#### INPUT DATA
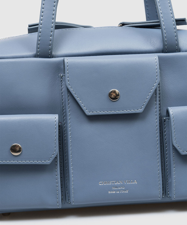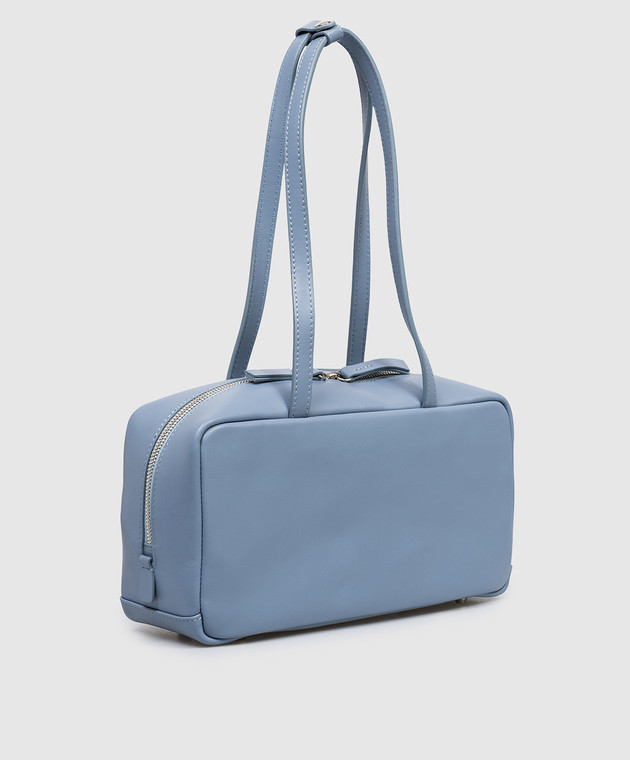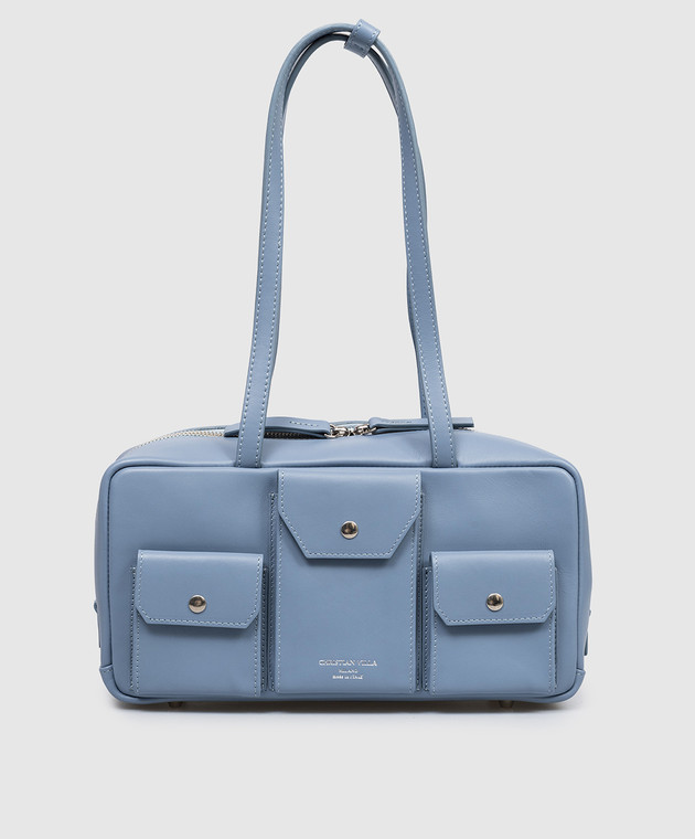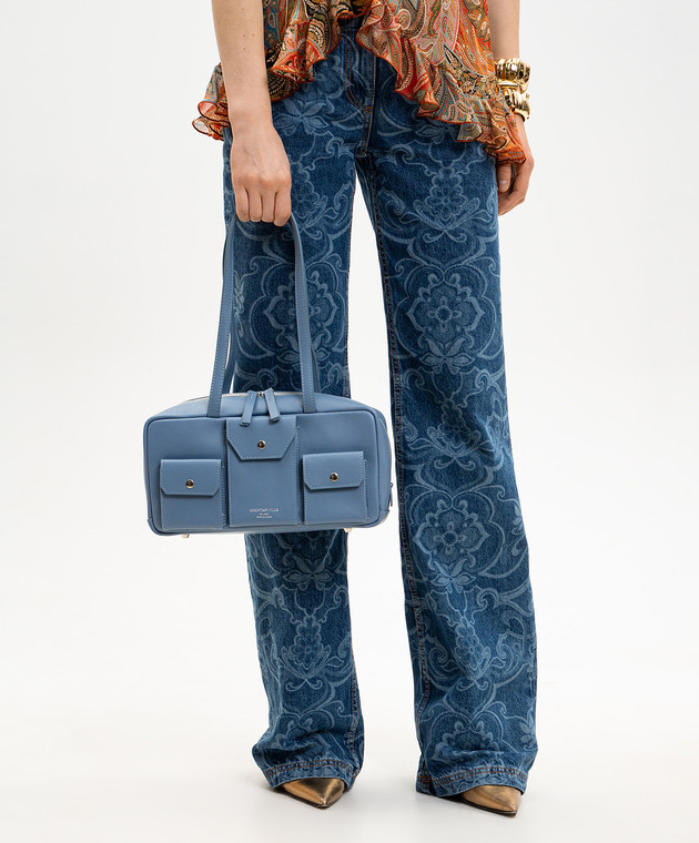 Блакитна шкіряна сумка з принтом логотипа
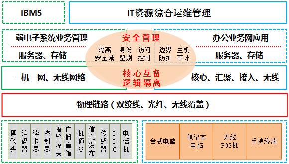 智簡網絡整體架構如圖所示,弱電系統IP網和辦公業務網基于統一的IP網絡平臺,各自組網、核心互備融合,實現后臺計算、存儲、安全資源的集中利用,通過安全邏輯隔離手段,保障業務系統的安全可靠和信息數據流向的訪問控制,建立基于全網的集中管理平臺。
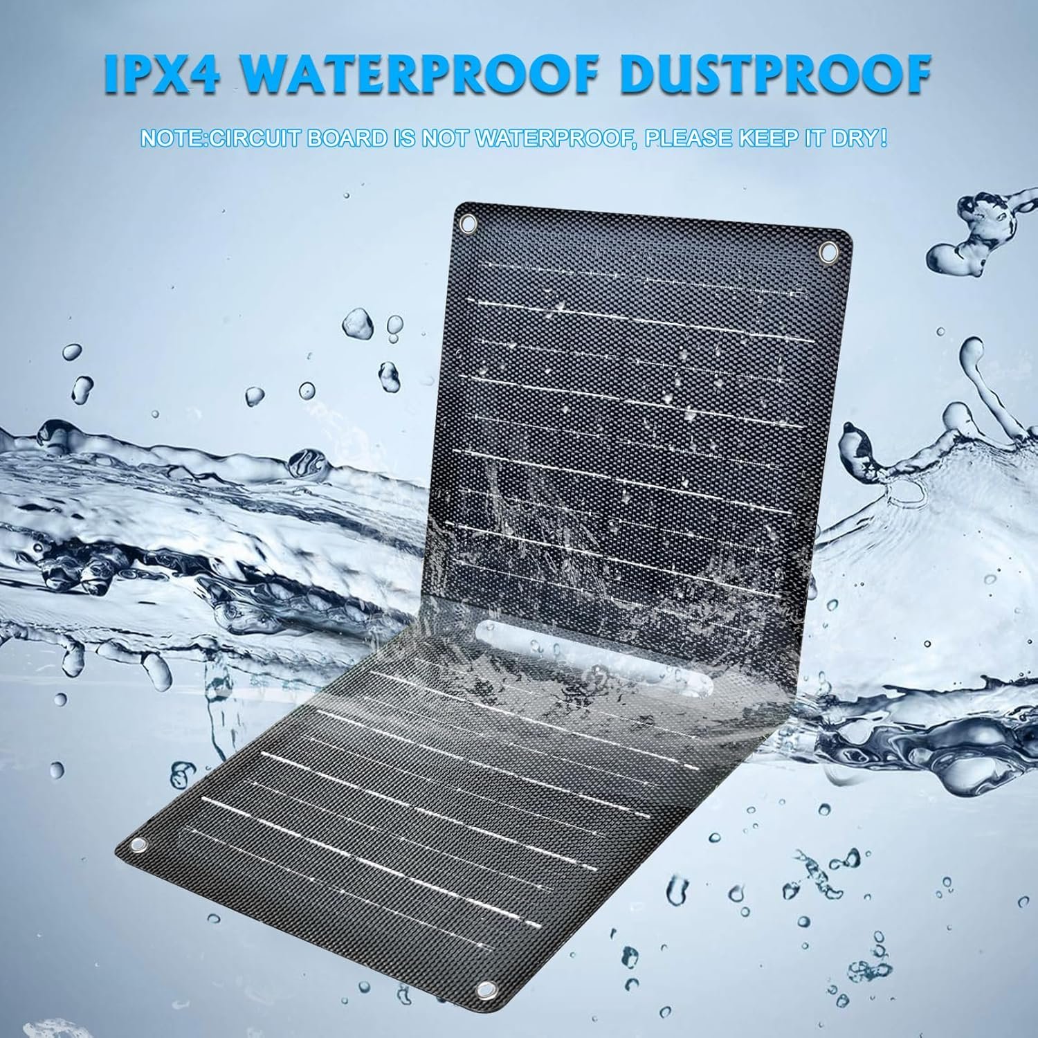 【Easy to Use】Unfold your solar panels, pick up the Usb, then connect your devices with the high efficiency solar panel. You could just hang it on the backpack, tent, tree, beach, or anywhere the sunlight is not sheltered. Please note that water can’t enter the circuit board.
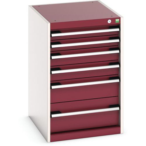 Zásuvkové skrine Bott Cubio so zásuvkami s nosnosťou 75 kg a 100% výsuvy na valčekových ložiskách. Robustná zváraná oceľová konštrukcia s nosnosťou až 1,5 tony, povrchová úprava práškovým lakom. Systém centrálneho zámku i blokácia otvorenia viacerých zásuviek naraz. s popisovateľnou lištou, uzamykanie cylindrickým zámkom s dvoma kľúčmi.
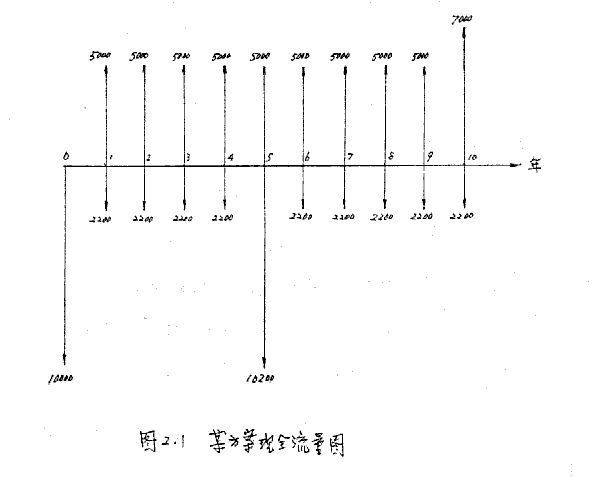 2、某方案现金流量图如图2.1所示,现金流单位为元,折现率(复利系数)为10%,试用净现值法论证方案可行否。
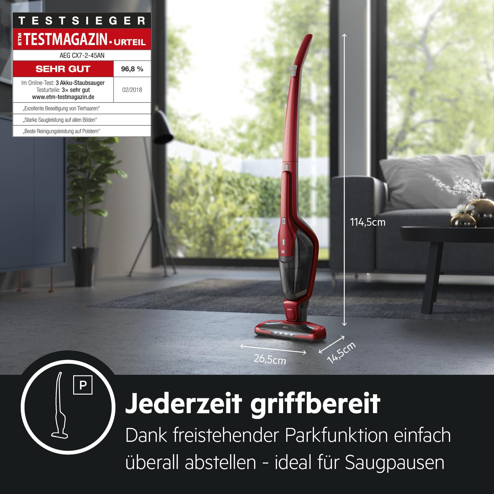 AEG Ergorapido 2in1 Akku-Staubsauger – Beutellos, Tierhaardüse, 45 Min Laufzeit, LED-Frontlicht, Rot
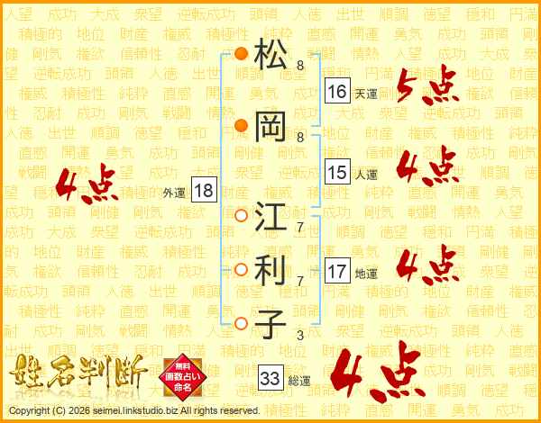 松岡江利子さんの総運は33画の4点!
########
### WHAT IS NEEDED
The whole listing, pictures excluded, should be output exactly.

### TASK OUTPUT
 Блакитна шкіряна сумка з принтом логотипа
 智簡網絡整體架構如圖所示,弱電系統IP網和辦公業務網基于統一的IP網絡平臺,各自組網、核心互備融合,實現后臺計算、存儲、安全資源的集中利用,通過安全邏輯隔離手段,保障業務系統的安全可靠和信息數據流向的訪問控制,建立基于全網的集中管理平臺。
 【Easy to Use】Unfold your solar panels, pick up the Usb, then connect your devices with the high efficiency solar panel. You could just hang it on the backpack, tent, tree, beach, or anywhere the sunlight is not sheltered. Please note that water can’t enter the circuit board.
 Zásuvkové skrine Bott Cubio so zásuvkami s nosnosťou 75 kg a 100% výsuvy na valčekových ložiskách. Robustná zváraná oceľová konštrukcia s nosnosťou až 1,5 tony, povrchová úprava práškovým lakom. Systém centrálneho zámku i blokácia otvorenia viacerých zásuviek naraz. s popisovateľnou lištou, uzamykanie cylindrickým zámkom s dvoma kľúčmi.
 2、某方案现金流量图如图2.1所示,现金流单位为元,折现率(复利系数)为10%,试用净现值法论证方案可行否。
 AEG Ergorapido 2in1 Akku-Staubsauger – Beutellos, Tierhaardüse, 45 Min Laufzeit, LED-Frontlicht, Rot
 松岡江利子さんの総運は33画の4点!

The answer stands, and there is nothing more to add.